After all, it was nearly 11pm on a long and very full commuter train running back to my neighborhood in the suburbs. It was the first train ride I'd taken since returning to Singapore on August 17th.
I'd been in the states for 2 1/2 months this summer. It was a full summer of conferences, and doctors appointments, and meeting with leaders in our supporting churches, soaking up time with my sons who are both now studying in USA, and time with our parents (who now in their 70's and 80's are not getting any younger).
But here I am, back in the Lion City of 6 million riding a train late at night. I'm getting my feet back under myself with relationships and figuring out My new life as an "empty nester" missionary.
At the very next train stop they board through the door where I'm standing:
Who? The parents of the neighbor girl I'd written about before. Yi Hui, the little stray child of our government housing apartment blocks. For the past 3 years she and I have had quite a journey together in navigating a vastly cross cultural relationship that has redefined my definition of significance and meaning. Knowing her has helped me learn better to hear God's voice of guidance (desperation helps us learn many important lessons), as well as grow charity in the hearts of my teenaged sons because of their personal sacrifice and the inconvenience having had her around much of the time. She's been a regular fixture by my side, in our home, and in our church these past few years. Once, two years ago, when he saw her sillouette in his doorway too early on a Saturday morning, my older son Tyler asked, "Where are the hidden cameras? I feel like my life is a reality TV show."
She has been our own little version of "The Blind Side," only she'll never turn out a professional football player. She's not likely to turn out to be a professional anything. But there had been no getting around that she was a direct answer to prayer for how we might tangibly and sacrificially love our neighbors and be a light for Christ in our neighborhood full of deep, but hidden, needs.
And here on my train, in my car, the only time I've taken public transportation all week, are her parents. Right there in front of me in the doorway of the crowded train proclaiming, "Wah! Aunty Kimberly!!" They are loud enough for everyone in the car to hear. Though the chance of bumping into them like this are incredibly slim, it's hardly a surprise to me. How many times these past 3 years, have I just bumped into the members of this family when running errands in our densely populated neighborhood? It's unreal really. But it has become my normal.

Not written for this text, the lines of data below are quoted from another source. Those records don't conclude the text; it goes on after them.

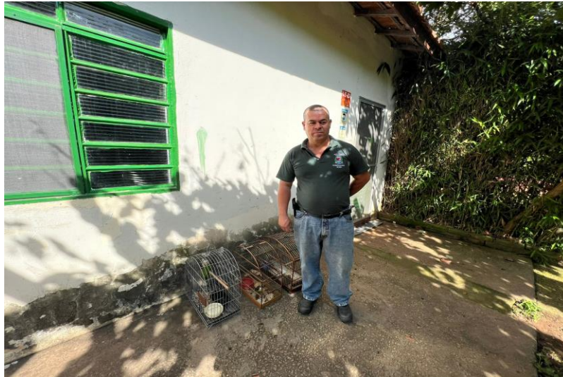
(41464) - Maritaca, caiu de árvore; (41465) - Bem-te-vi, caiu de árvore; e (41466) - Corujinha-do-mato, encontrada na rua. Todos entregues pela Prefeitura de Indaiatuba no dia 02-12-22.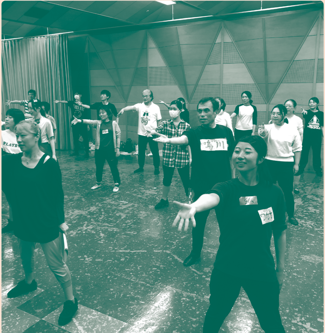
公演で集まった市民54名によるリハーサルの様子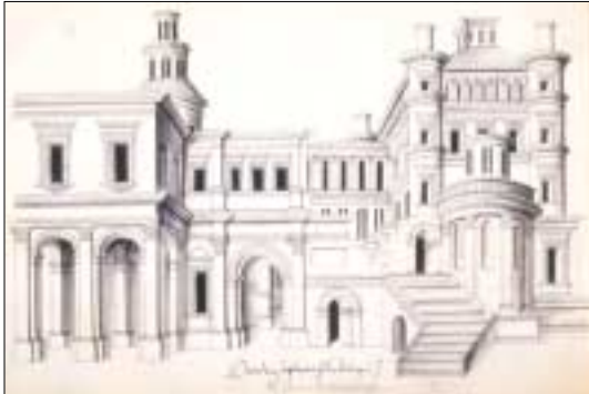
Jacques Androuet Du Cerceau, Album de dessins d'architecture . Orléans, aux alentours de 1550.

Le papier et le dessin envahissent peu à peu le manuscrit de luxe (Vatel, n° 15). Mais la luminosité des peaux soigneusement préparées ne perdra jamais son prestige. Les délicieuses illustrations de la traduction des Troades (n° 12) semblent hésiter entre dessin et miniature. Le bel artiste, quel qu'il soit, qui a dessiné la Géométrie (n° 17) n'est visiblement pas un miniaturiste de métier et il sait mettre en valeur les qualités particulières du vélin de façon assez neuve, peut-être justement parce que cette matière devenait exceptionnelle.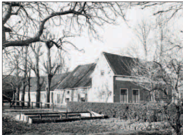
Abtswoudseweg 34, boerderij van de familie H. van Winden.

De boerderij van de familie Van Winden ligt nu midden in de woonwijk Tanthof. Hij kon worden teruggekocht van de gemeente Delft en is in de wijk nog de enige boerderij met zijn oorspronkelijke functie. De boerderijplaats gaat in ieder geval terug tot 1712 (Kruikius). De huidige boerderij werd gebouwd door Franciscus Beukers in 1873. Opmerkelijk is dat Adrianus Lansbergen uit Kethel, vader van Arnoldus Lansbergen (van nummer 32), korte tijd ei-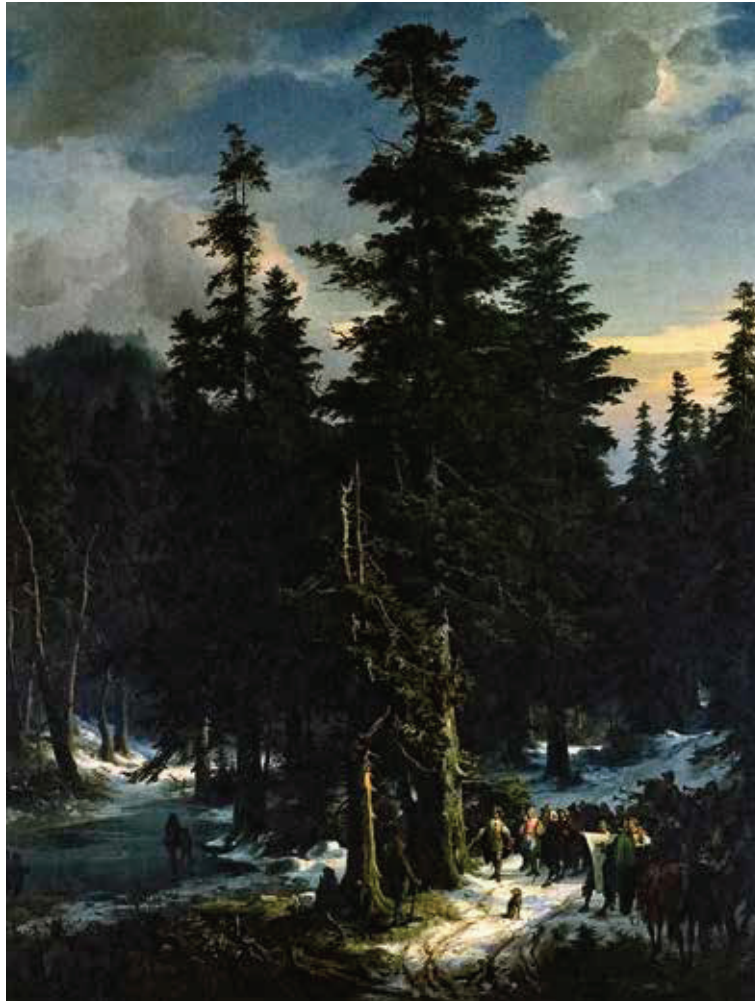
Unter Fanfarenstößen wird die Axt an eine der letzten mächtigen Weißtannen im Thüringer Wald gelegt. Friedrich Preller der Ältere, Fällung des ersten Baumes für den Schlossbau, Mitte des 19. Jahrhunderts.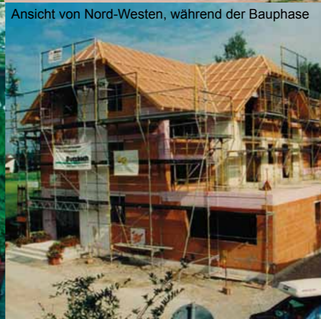
Ansicht von Nord-Westen, während der Bauphase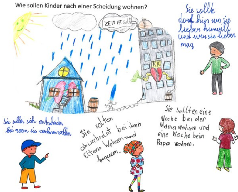
Abbildung 3: Concept Cartoon der beteiligten Kinder [43]

Neben Einzelbildern gestalteten die Kinder auch Bildgeschichten in Form von Comics. Ein Ausschnitt aus einer solchen Bildgeschichte wird in Abbildung 4 gezeigt: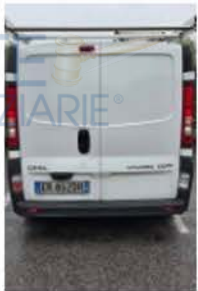
ER 892 DH (5)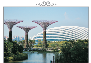
Gardens by the Bay~ Flower Dome & Cloud Forest Dome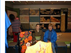
⑦ Kimono shop

Much of the Edo atmosphere has been left behind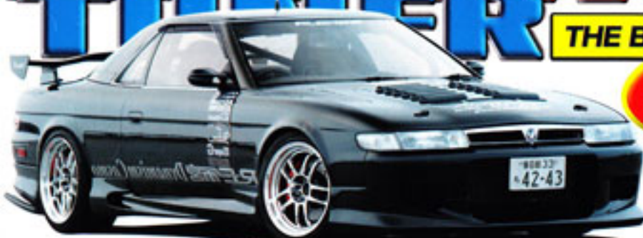
Eunos Cosmo: Wankel-Coupé mit 550 PS!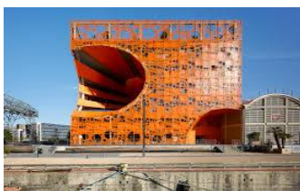
2007 Salins des Docks à Lyon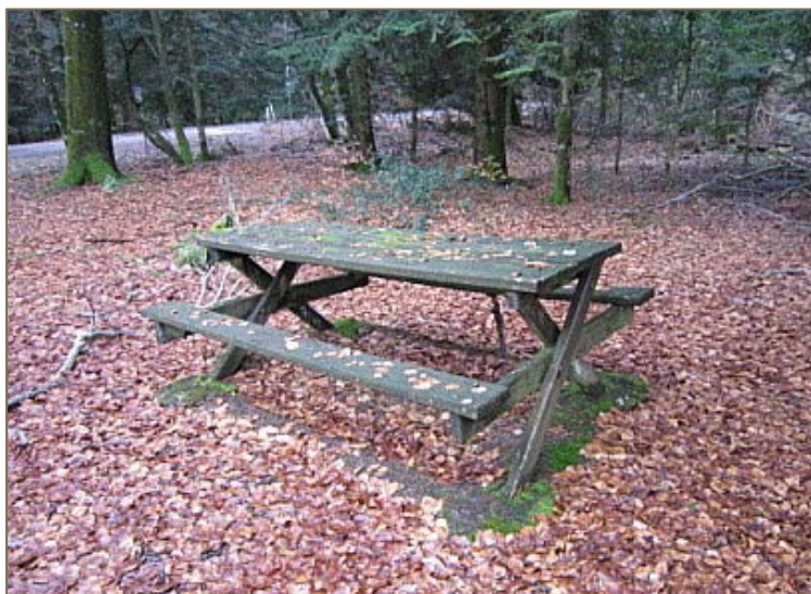
Apparition de mousses sur une table en bois et au niveau du scellement des pieds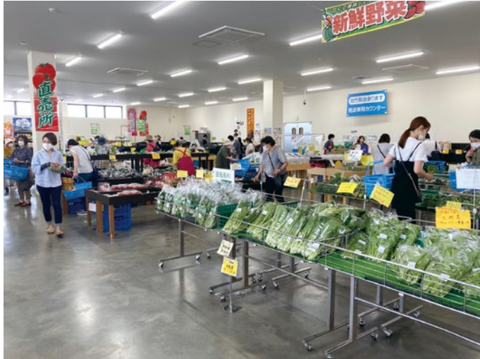
農畜産直売所「かのな」店内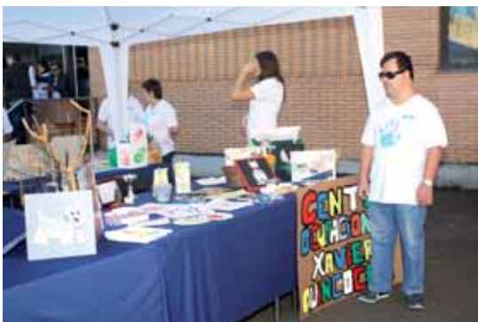
Les parades a punt per a les famílies

La Fundació Privada Vallès Oriental (FVO) va reunir, el diumenge 30 de setembre, a més de 300 persones entre professionals, persones amb discapacitat intel·lectual ateses als centres i serveis de l'entitat, les seves famílies i amics en general de l'FVO per celebrar la "Festa de Famílies de l'FVO", una trobada festiva i per a compartir activitats esportives i de lleure. Una festa que es va emmarcar dins dels actes que la Fundació ha organitzat per a celebrar els seus 20 anys.

They enter the train lit up to see me. These, the mystery missing parents of Yi Hui. These absentee parents who, mostly out of ignorance and long working hours, have done a criminal's job of not raising their child. These same parents started out so hostile toward me. I was a strange foreigner whom their daughter was spending time with (and causing neighbor's tongues to wag). Now they've become Joshua and Chen Ping who were so happy to see me that they placed a call to Yi Hui while on the train to say, "Guess who is on the train right now?" Joshua handed me his phone to me to talk to her
We chatter in Chinese as best as I can manage, and I'm glad for the foundation I had investing 2 solid years in language study back in 1997 (even though the national language of Singapore is English, it sure comes in handy with immigrants and those who were Chinese educated or are not well educated).
"Yes," they agree. "Yi Hui has really sprouted up this summer." And she is still attending a special school. She is going to school, which is a huge improvement from the days I'd first seen her in school uniform hanging out on the downstairs playground. She'll turn 13 at the end of the month. She'd shown restraint not to call my phone much while I was in USA these weeks. She's been eager for my return, calling my husband instead, and checking with her parents daily, "Is it August 17th yet?"
I had seen her once this first week since my return. She'd been over to my house only yesterday afternoon. She'd been a little awkward to be with me after this long time apart. She's certainly not the feral wild child she used to be. You can tell she's slow, but she smiles most of the time now and answers when people speak to her. She is not wandering around all hours of the day and night. Though she hasn't yet learned to read in any language, she can play a few computer games. I have some preschool games loaded on my iPhone.
A few train stops later we exit the train together, like old friends. As we part ways when we get closer to our apartment blocks, they ask me in Chinese to feel free to come over more often, to zuo zuo, sit awhile. Afterall, with my kids both in USA now, I must be lonely. We could have some tea.
I don't know what's next in God's plan for my investment in their lives, but I'm sure he'll show us. It seems that he has every step of the way. All I know for now is that today Yi Hui came downstairs to see me while I was doing some Saturday marketing. At noon she came by the house while I threw together a tuna sandwich for my husband Jim. She said a shy hello to him, and then I sent her home. Sometimes she calls when she gets back to her house to let me know she did return safely (She'd not had any kind of accountability like this before, and we'd set up our little system a couple years ago).
She knows that we leave for church tomorrow at 10:15, and since she still can't tell time and has probably lost the digital watch we bought her, I encouraged her to ask her dad to wake her up on time.
It's still left to be seen whether she'll make it for church, or even if she will call our cell phones again, before we go to sleep tonight!